Aquí se revela lo perverso del sistema. Los gobiernos invierten millones en helicópteros y camiones cisterna, mientras recortan cuadrillas, reducen tratamientos selvícolas y abandonan cortafuegos o puntos de agua. Se honra a los bomberos como héroes, pero se les paga como jornaleros temporales, con contratos que duran lo que dura la llama. La política del espectáculo: combatir la catástrofe en directo en lugar de impedir que ocurra.
El Código Penal amenaza con hasta 20 años de prisión al incendiario que ponga vidas en peligro. Pero ningún artículo contempla la condena a quienes, desde sus despachos, han permitido que los bosques se sequen de abandono, que las infraestructuras eléctricas atraviesen montes sin revisión o que se construya en zonas quemadas. Esa impunidad es la que se oculta tras la criminalización del incendiario. El individuo es castigado; el sistema queda intacto.

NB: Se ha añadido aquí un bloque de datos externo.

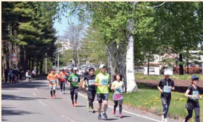
佐久鯉マラソン 爽快に走るランナーの皆さん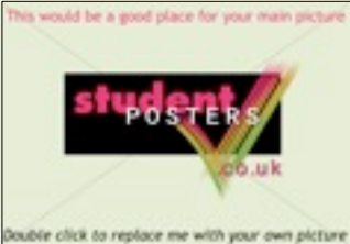
Figure 1: Insert a good image of your endangered or threatened species in the space above. Add your caption here:

El fuego nos devuelve un reflejo al mirarlo a los ojos. Nos muestra lo que el capitalismo oculta: que la lógica de la acumulación devora lo que no rentabiliza. Lo rural no genera dividendos inmediatos, por tanto se deja arder. Y después de la ceniza llega la especulación urbanística, los proyectos de infraestructuras o los monocultivos de rápido beneficio. El incendio no destruye el negocio, lo prepara.
En 2023, de los 2.944 incendios investigados, 1.977 quedaron cerrados con “causa desconocida”. El 67% sin responsable. Pero no es desconocida la verdadera causa: el abandono estructural. No se puede hablar de azar cuando lo que se repite cada verano es el mismo patrón de desinversión, precariedad y especulación. El incendiario es solo la metáfora conveniente. El verdadero culpable se llama modelo económico.
El fuego no es solo fuego: es la metáfora más cruel del capitalismo, que devora lo que previamente abandona.